To better understand the decision-making process of the ResViT model, a qualitative analysis was conducted by visualizing the predictions on random test samples. Figure 11 presents several examples of clock, cube, and trail drawings, alongside their predicted and actual labels. The visualizations highlight scenarios where the model correctly classified subtle impairments and where it struggled—particularly in cases with ambiguous or minimally distorted patterns. These insights provide direction for future improvements, such as incorporating attention heatmaps or domain-specific features.

Fig. 11
Fig. 11
Full size image

The final classification stage of the ResVit model takes the fused features from both ResNet50 and ViT-B/16 and passes them through fully connected layers to generate the output prediction. Based on the cognitive drawing inputs (Clock, Cube, Trail), the model classifies each case as either Healthy or Mild Cognitively Impaired (MCI), assisting in early detection of cognitive decline.

Model interpretability and visualization

To enhance the clinical interpretability of our framework, Grad-CAM was employed to visualize the regions that most influenced the model’s predictions. Figure 12 presents heatmaps overlaid on the Clock Drawing, Cube Copying, and Trail Making test images. The highlighted regions correspond to clinically meaningful features such as clock digits, cube corners, and trail junctions, illustrating that the ResViT model effectively captures task-specific cognitive representations.
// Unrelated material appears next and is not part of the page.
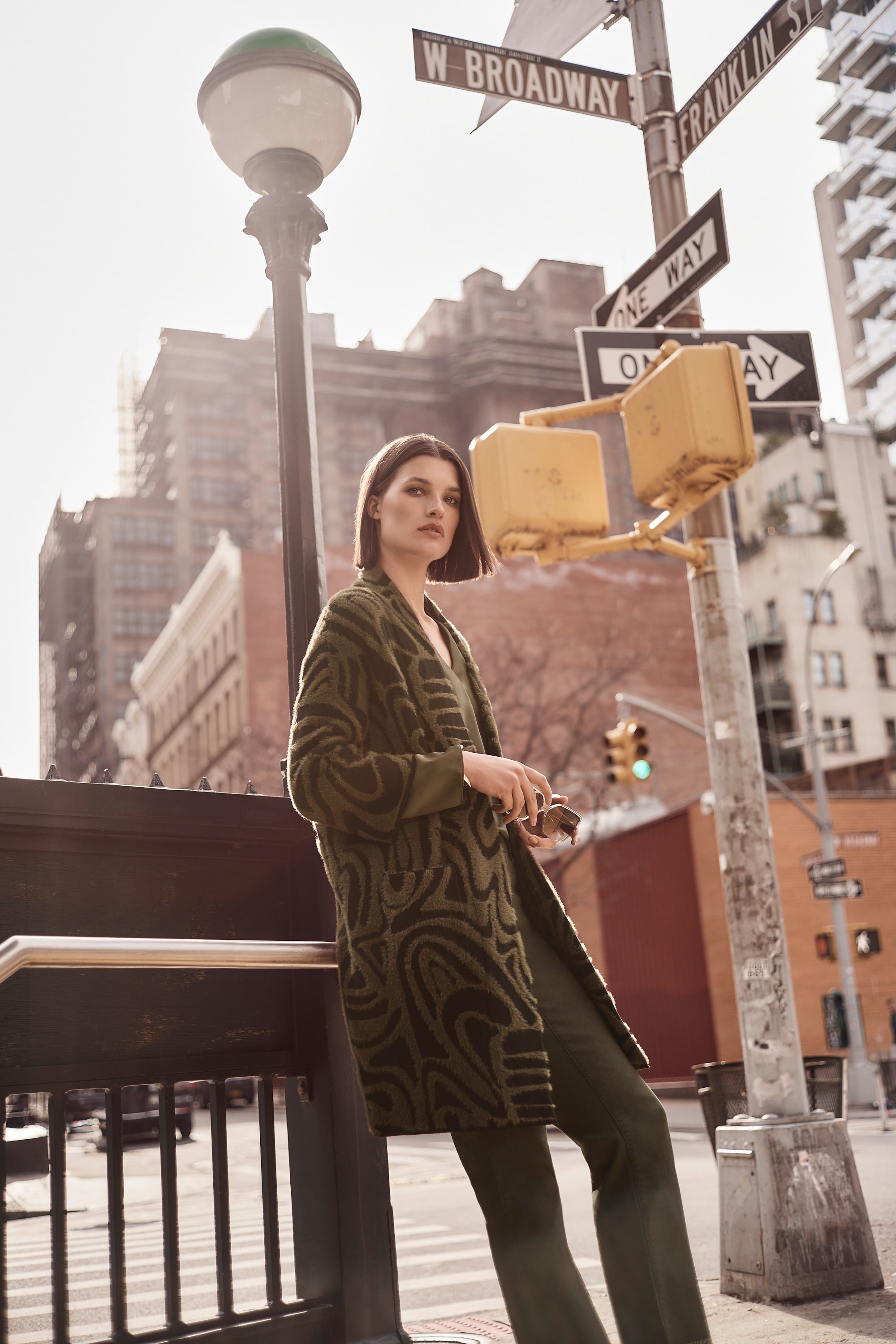 Black & Iguana Green Embossed Jacquard Knit Open Cardigan

These attention patterns align closely with expert clinical assessment criteria, thereby reinforcing the model’s explainability and its potential utility in automated MCI evaluation.

Fig. 12
Fig. 12
Full size image

Grad-CAM visualizations of the proposed ResViT model across different cognitive drawing tasks. The attention heatmaps highlight regions that most contributed to MCI classification, illustrating the model’s focus on clinically relevant structures such as digits, edges, and trail paths.

Conclusion

This study demonstrates that the integration of ResNet and Vision Transformer architectures enhances the detection of early indicators of cognitive decline. Through the analysis of multiple drawing-based cognitive tasks, the proposed ResViT model effectively captures both fine motor precision and global spatial patterns, which are commonly impaired in individuals with Mild Cognitive Impairment (MCI). While the model isn’t perfect, struggling with imbalanced data and a narrow age range it highlights the potential of AI to make cognitive screening faster and more consistent. Future work could expand datasets to include younger adults and integrate educational background data, helping the model adapt to diverse populations. Ultimately, tools like ResViT could empower clinics with low-cost, automated screenings, catching warning signs earlier and giving families more time to plan. The path forward isn’t just about better algorithms, but about building systems that understand the real-world complexity of human health.